God, he looked so wonderful, smelled more delicious than her mother’s cooking, and sounded…it was better if she didn’t focus on how he sounded. Her mind would slide deeper into the gutter than where it had sunk already and she’d lose all sense and logic.
She needed to put her foot down where he was concerned.
It might be a little too soon to ask for eternal commitment after a little over two weeks of knowing each other, but she deserved to know how he felt about her. She wanted to understand where they went from here. And if he didn’t want her, she’d rather get that stake through the heart right no
w rather than slowly pine away over days, weeks, months and years.
She didn’t turn to face him when she felt him come outside and stop a few feet behind her. Well, there went her fantasy that he would sweep her into his arms and kiss her senseless like any besotted lover would do.
Note to self, he was probably not that besotted, Ava thought as her heart plummeted.
“Why are you here?” she asked, her back still facing him.
A brief silence.
“Inanna asked me to escort you to the Shield tomorrow. Given that our enemies are still at large, it wouldn’t be safe for you to travel alone. You are the only link to a viable serum from GTI’s genetic engineering research. They might figure that out soon, if they don’t know already. They will try to come after you again.”
So much for simply wanting to see her, Ava thought.
“I’ve been home for a month and nothing out of the ordinary has happened. You guys worry too much. It’s not as if I’ve had a 24/7 bodyguard thus far.” Ava said.
Silence.
Had she? Had a bodyguard, that was?
She knew enough about Ryu’s pauses and silences by now to know that when he chose not to answer or refute, it was often because he wanted her to believe her own version of the truth. In other words, he didn’t want to out-right lie.
She turned finally to face him, bracing herself first for the impact of seeing him.
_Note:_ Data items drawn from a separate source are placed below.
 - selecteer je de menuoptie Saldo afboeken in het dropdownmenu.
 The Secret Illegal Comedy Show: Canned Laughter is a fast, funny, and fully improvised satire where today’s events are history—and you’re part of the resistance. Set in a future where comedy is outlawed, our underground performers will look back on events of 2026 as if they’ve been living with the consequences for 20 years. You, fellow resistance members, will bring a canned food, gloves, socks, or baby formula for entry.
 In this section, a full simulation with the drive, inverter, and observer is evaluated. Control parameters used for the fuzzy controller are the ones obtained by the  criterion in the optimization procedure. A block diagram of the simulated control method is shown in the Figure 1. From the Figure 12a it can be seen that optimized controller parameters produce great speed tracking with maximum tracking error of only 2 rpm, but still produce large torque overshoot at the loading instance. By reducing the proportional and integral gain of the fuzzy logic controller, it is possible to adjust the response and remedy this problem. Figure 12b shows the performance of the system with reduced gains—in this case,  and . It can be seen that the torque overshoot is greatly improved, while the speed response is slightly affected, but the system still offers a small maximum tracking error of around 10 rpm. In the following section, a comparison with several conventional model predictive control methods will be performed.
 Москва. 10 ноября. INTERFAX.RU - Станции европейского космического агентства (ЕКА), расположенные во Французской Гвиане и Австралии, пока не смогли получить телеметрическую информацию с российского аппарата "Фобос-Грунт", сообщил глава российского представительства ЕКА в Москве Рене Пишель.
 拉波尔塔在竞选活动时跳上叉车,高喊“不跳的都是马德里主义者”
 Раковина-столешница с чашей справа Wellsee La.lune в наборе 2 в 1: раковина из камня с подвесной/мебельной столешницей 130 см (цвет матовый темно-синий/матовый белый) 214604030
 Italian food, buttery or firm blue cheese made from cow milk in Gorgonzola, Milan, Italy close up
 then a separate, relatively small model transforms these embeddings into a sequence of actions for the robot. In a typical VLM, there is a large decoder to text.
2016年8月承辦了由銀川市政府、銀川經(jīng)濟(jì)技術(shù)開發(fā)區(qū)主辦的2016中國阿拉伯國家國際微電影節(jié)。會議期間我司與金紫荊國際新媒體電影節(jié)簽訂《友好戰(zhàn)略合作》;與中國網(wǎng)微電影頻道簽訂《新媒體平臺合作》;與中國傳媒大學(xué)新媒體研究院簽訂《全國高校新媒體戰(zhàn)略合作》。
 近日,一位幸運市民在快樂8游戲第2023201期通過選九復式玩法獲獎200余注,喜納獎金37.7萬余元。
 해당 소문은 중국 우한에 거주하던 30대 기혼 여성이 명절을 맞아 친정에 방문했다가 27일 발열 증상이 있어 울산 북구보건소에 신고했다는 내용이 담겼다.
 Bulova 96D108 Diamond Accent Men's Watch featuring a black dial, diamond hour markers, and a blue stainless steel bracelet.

It didn’t help all that much. She still reeled from a wave of lust and longing when she regarded him, standing so close, yet seemed so far away.
“Have you been guarding me all this time?”
He didn’t answer, gazing back at her neutrally, which was as much as admitting that he had.
“Why haven’t you made yourself known?” Ava asked, frowning. “Why haven’t you appeared before me until now?”
Ava considered further. “In fact, why show up now? Why not just keep guarding me anonymously? Without my knowledge as you apparently have been doing?”
A long silence.
Ava waited. She hoped he would speak soon because she was holding her breath until he did. She couldn’t seem to help it.